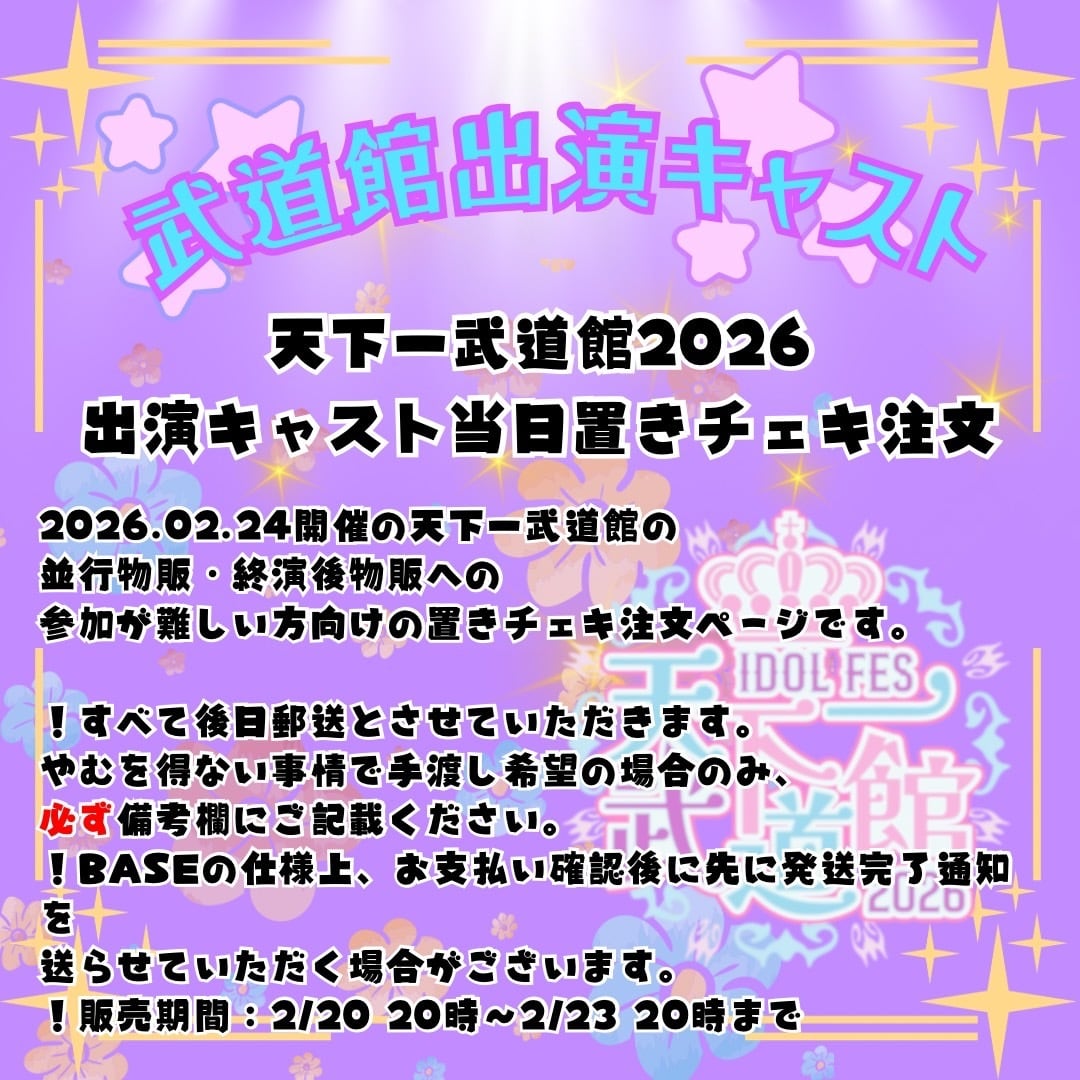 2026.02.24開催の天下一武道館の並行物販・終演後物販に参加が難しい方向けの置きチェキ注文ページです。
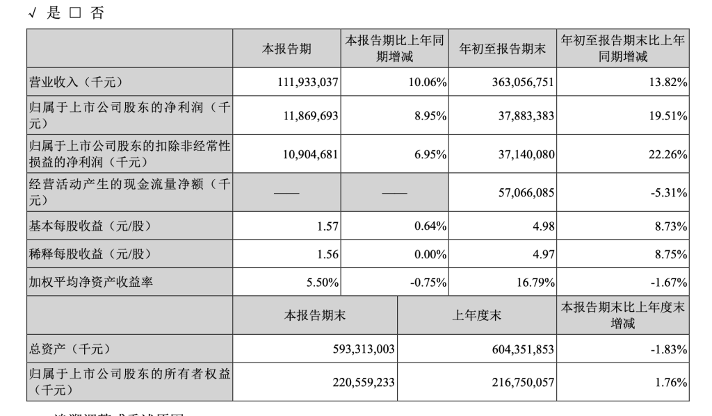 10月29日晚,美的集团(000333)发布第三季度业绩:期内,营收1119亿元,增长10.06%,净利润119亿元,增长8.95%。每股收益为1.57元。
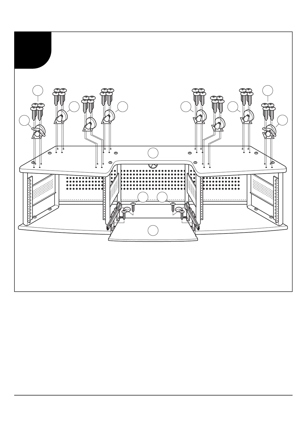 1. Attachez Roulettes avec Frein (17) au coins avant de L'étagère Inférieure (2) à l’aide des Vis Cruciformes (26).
--
Task item: Only the text of the listing above should be copied, exactly and with pictures left out.

Result:
 2026.02.24開催の天下一武道館の並行物販・終演後物販に参加が難しい方向けの置きチェキ注文ページです。
 10月29日晚,美的集团(000333)发布第三季度业绩:期内,营收1119亿元,增长10.06%,净利润119亿元,增长8.95%。每股收益为1.57元。
 1. Attachez Roulettes avec Frein (17) au coins avant de L'étagère Inférieure (2) à l’aide des Vis Cruciformes (26).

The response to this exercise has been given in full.